On March 14, 1947, the Navy took over four B-29-BWs for long-range search missions. The designation P2B-1S was assigned. They were assigned Navy Bureau of Aeronautics numbers as follows:
Boeing B-29-90-BW Superfortress 44-87766 to USN as P2B-1S BuNo 84031
Boeing B-29-95-BW Superfortress 45-21787 to USN as P2B-1S BuNo 84029
Boeing B-29-95-BW Superfortress 45-21789 to USN as P2B-1S BuNo 84028
Boeing B-29-95-BW Superfortress 45-21791 to USN as P2B-1S BuNo 84030
Later, one of the P2Bs (84029) was modified as the carrier aircraft for the Douglas D-558-II Skyrocket high-speed rocket-powered research aircraft. The P2B aircraft was named "Fertile Myrtle" and carried the NACA number of 137. The bomb bay was extensively modified to carry a D-558-II nestled underneath the belly. The research aircraft was dropped in flight from the bomb bay cradle, and the rocket engines were fired once the plane had fallen free of the P2B.
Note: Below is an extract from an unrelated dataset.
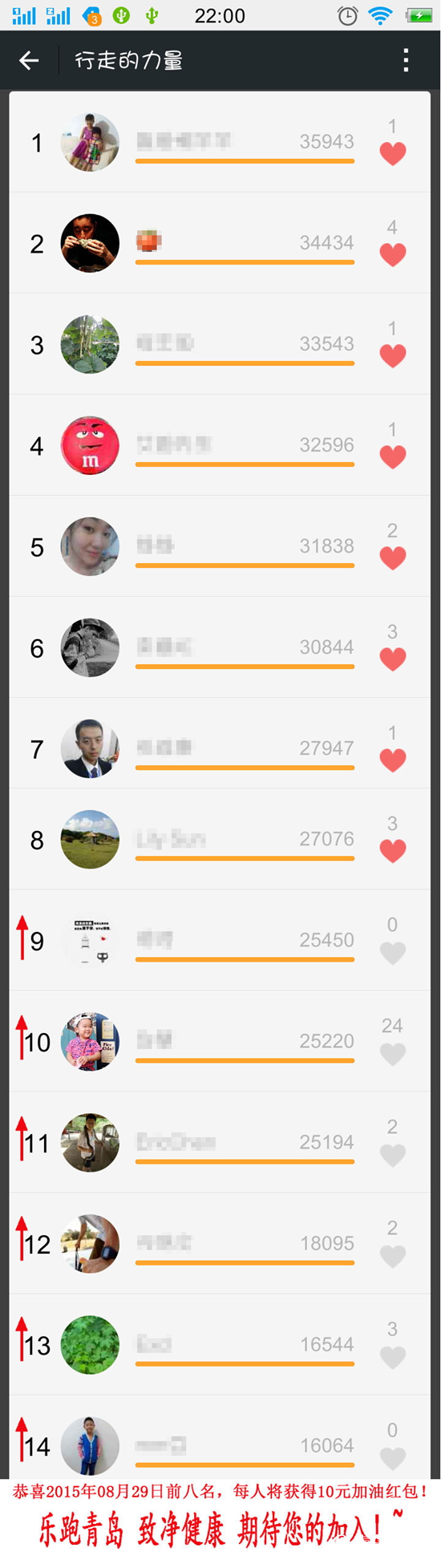 ????活動行至于此,已經(jīng)到了第19天,活動參與便收獲了不少“愛跑一族”的歡迎,而每天10元的“加油紅包”也已安心送至前八強的口袋中,具體參與情況如下:

The first D-558-II launch took place on September 8, 1950 with test pilot William B. Bridgeman at the controls of the research aircraft and George Jansen at the controls of the B-29. A series of Skyrocket launches took place over the next few years, each one further exploring the outer reaches of the flight envelope. The D-558-II exceeded Mach 2 for the first time on November 20, 1953 with test pilot Scott Crossfield at the controls. The last Skyrocket flight took place in December of 1956.
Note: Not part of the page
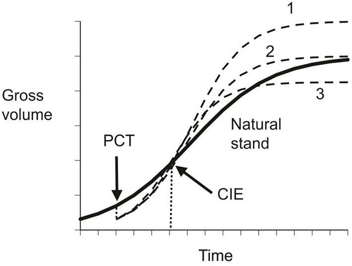 Schematic illustration of compensatory growth. The solid line represents gross volume in natural stands, the dished lines indicates possible compensatory outcomes under different precommercial thinning regimes: 1 – over-compensation; 2 – exact compensation; and 3 – under-compensation.

Former P2B-1S 84029 "Fertile Myrtle" was eventually sold to a civilian owner, a museum in Oakland, California. This was the only example of a flyable B-29 ever being sold by the Air Force to a civilian operator. This B-29 was flown on rare occasions under the civil registration N91329. After many years of inactivity, it was sold to the Kermit Weeks Aviation Museum of Miami, Florida. It was transported there disassembled in 1987. It was registered with the Weeks Museum as N29KW.